Start of Extracted entries

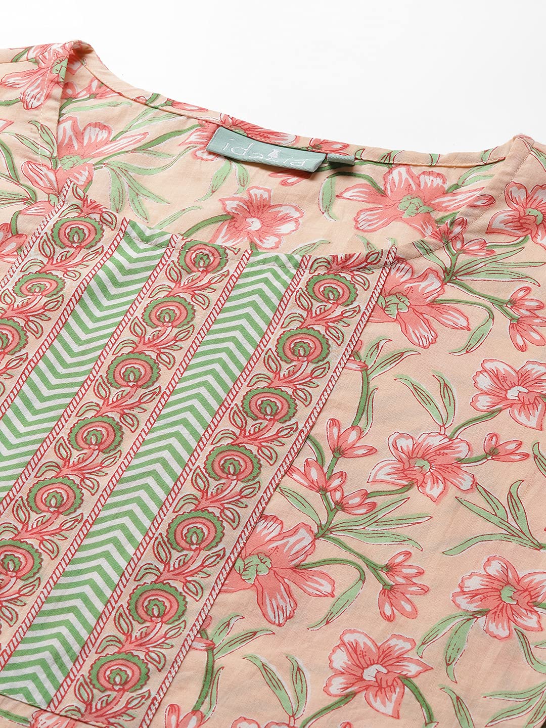Comfort & Breathability This peach and light green printed kurta with palazzo pant and dupatta is great for everyday wear, offering you maximum comfort and breathability all day long. Constructed with lightweight cotton fabric, you'll be able to move and lounge without ever feeling constricted. The breathability of this outfit will be especially useful during the sweltering summer months, allowing you to stay cool and comfortable for the duration of your day. Thanks to the lightweight fabric, you'll be able to enjoy the easy, breezy look and feel of the outfit without ever having to worry about feeling weighed down. Festive Style Make a statement in your ethnic attire with this stylish design that is great for festive and party occasions. The peach and light green printed kurta with printed palazzo pant and dupatta have intricate prints that will make you stand out from the crowd. With the kurta with pant online, you are sure to be a showstopper. The care instructions for this set include machine wash separately, dry clean suggested, don't bleach, tumble dry low, warm iron if needed. Make sure to choose this kurta with pant online for a look that is sure to make heads turn. Versatile Styling Looking for a versatile addition to your wardrobe? Look no further than this women kurta with printed palazzo pant and dupatta. The 3/4th sleeve, round neck, and calf length straight cut kurta in peach and light green printed design is great for any occasion. Whether you are attending a casual outing or a formal event, the outfit can be easily styled in a variety of ways. Create a classic look with statement jewelry or dress it up with a pair of stylish heels. This kurta set with dupatta is sure to become a wardrobe staple and a great way to express your individual style.
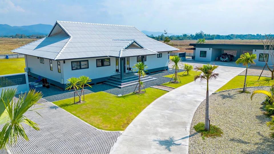 # บ้านเดี่ยวชั้นเดียว ตกแต่งด้วยวัสดุเกรดดี
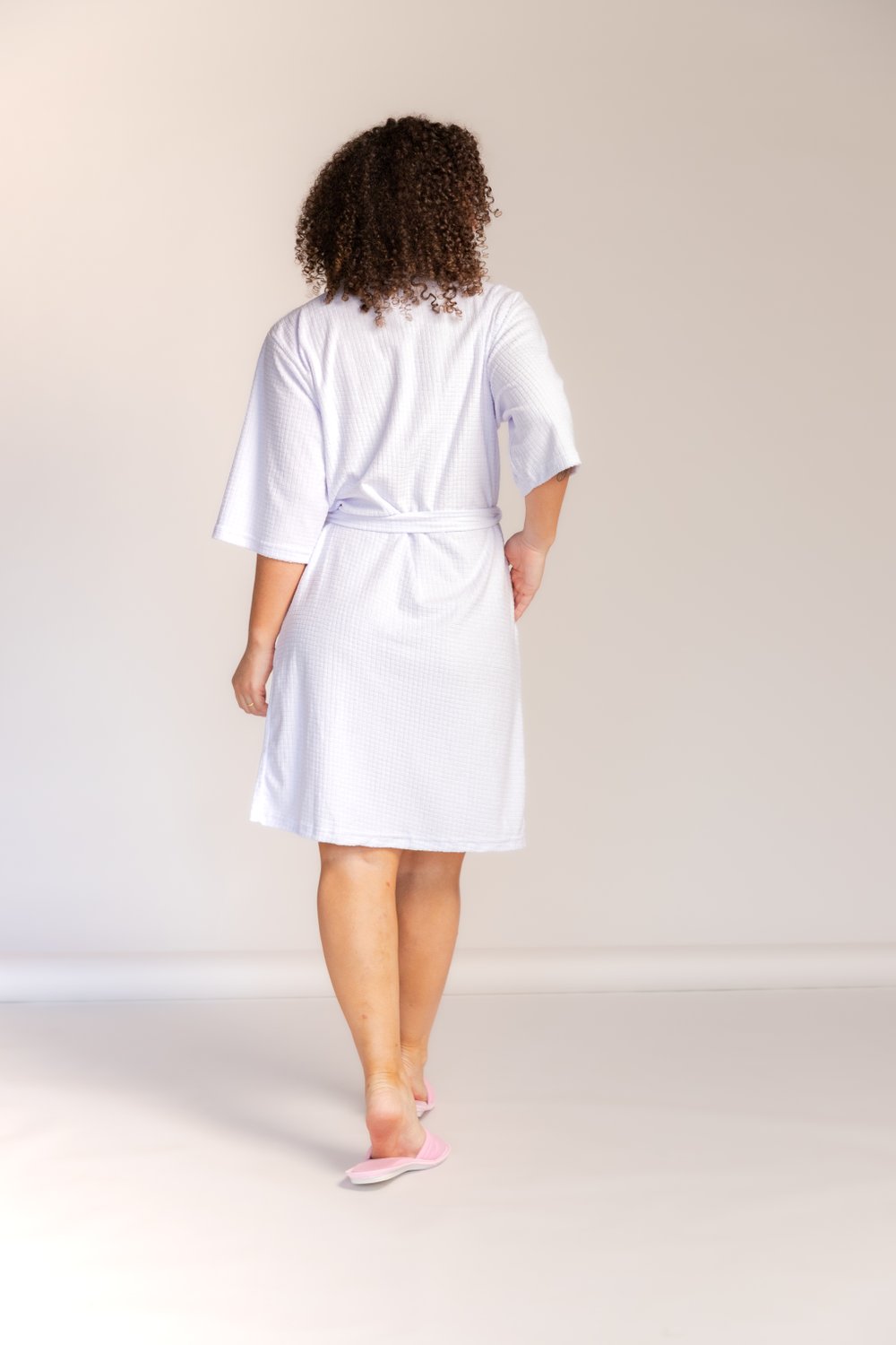 Roupão de felpa quadriculada com mangas curtas, bolsos e cinto para amarração frontal. Ótimo para usar no pós banho e piscina, confortável para usar em casa. Tamanhos P/M/G/GG.
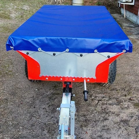 Mittaa mönkijän lava ulkoreunoista ulkoreunoihin ja lisää mittoihin peitteelle haluamasi lavanylistys (yleensä 4-7 cm / sivu eli koko mitoissa yleensä + 8-14 cm).
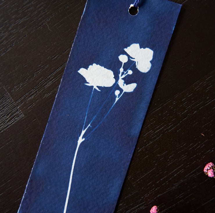 This bookmark has been lovingly handmade using the cyanotype process to create an original and unique design. This particular bookmark features these delicate little buttercups, a delight to see popping up all over England when the sun makes its appearance.

End of Extracted entries

▸ Activity
What's needed here is an exact repeat of all the records above, pictures excluded.

▸ Finished exercise
Comfort & Breathability This peach and light green printed kurta with palazzo pant and dupatta is great for everyday wear, offering you maximum comfort and breathability all day long. Constructed with lightweight cotton fabric, you'll be able to move and lounge without ever feeling constricted. The breathability of this outfit will be especially useful during the sweltering summer months, allowing you to stay cool and comfortable for the duration of your day. Thanks to the lightweight fabric, you'll be able to enjoy the easy, breezy look and feel of the outfit without ever having to worry about feeling weighed down. Festive Style Make a statement in your ethnic attire with this stylish design that is great for festive and party occasions. The peach and light green printed kurta with printed palazzo pant and dupatta have intricate prints that will make you stand out from the crowd. With the kurta with pant online, you are sure to be a showstopper. The care instructions for this set include machine wash separately, dry clean suggested, don't bleach, tumble dry low, warm iron if needed. Make sure to choose this kurta with pant online for a look that is sure to make heads turn. Versatile Styling Looking for a versatile addition to your wardrobe? Look no further than this women kurta with printed palazzo pant and dupatta. The 3/4th sleeve, round neck, and calf length straight cut kurta in peach and light green printed design is great for any occasion. Whether you are attending a casual outing or a formal event, the outfit can be easily styled in a variety of ways. Create a classic look with statement jewelry or dress it up with a pair of stylish heels. This kurta set with dupatta is sure to become a wardrobe staple and a great way to express your individual style.
 # บ้านเดี่ยวชั้นเดียว ตกแต่งด้วยวัสดุเกรดดี
 Roupão de felpa quadriculada com mangas curtas, bolsos e cinto para amarração frontal. Ótimo para usar no pós banho e piscina, confortável para usar em casa. Tamanhos P/M/G/GG.
 Mittaa mönkijän lava ulkoreunoista ulkoreunoihin ja lisää mittoihin peitteelle haluamasi lavanylistys (yleensä 4-7 cm / sivu eli koko mitoissa yleensä + 8-14 cm).
 This bookmark has been lovingly handmade using the cyanotype process to create an original and unique design. This particular bookmark features these delicate little buttercups, a delight to see popping up all over England when the sun makes its appearance.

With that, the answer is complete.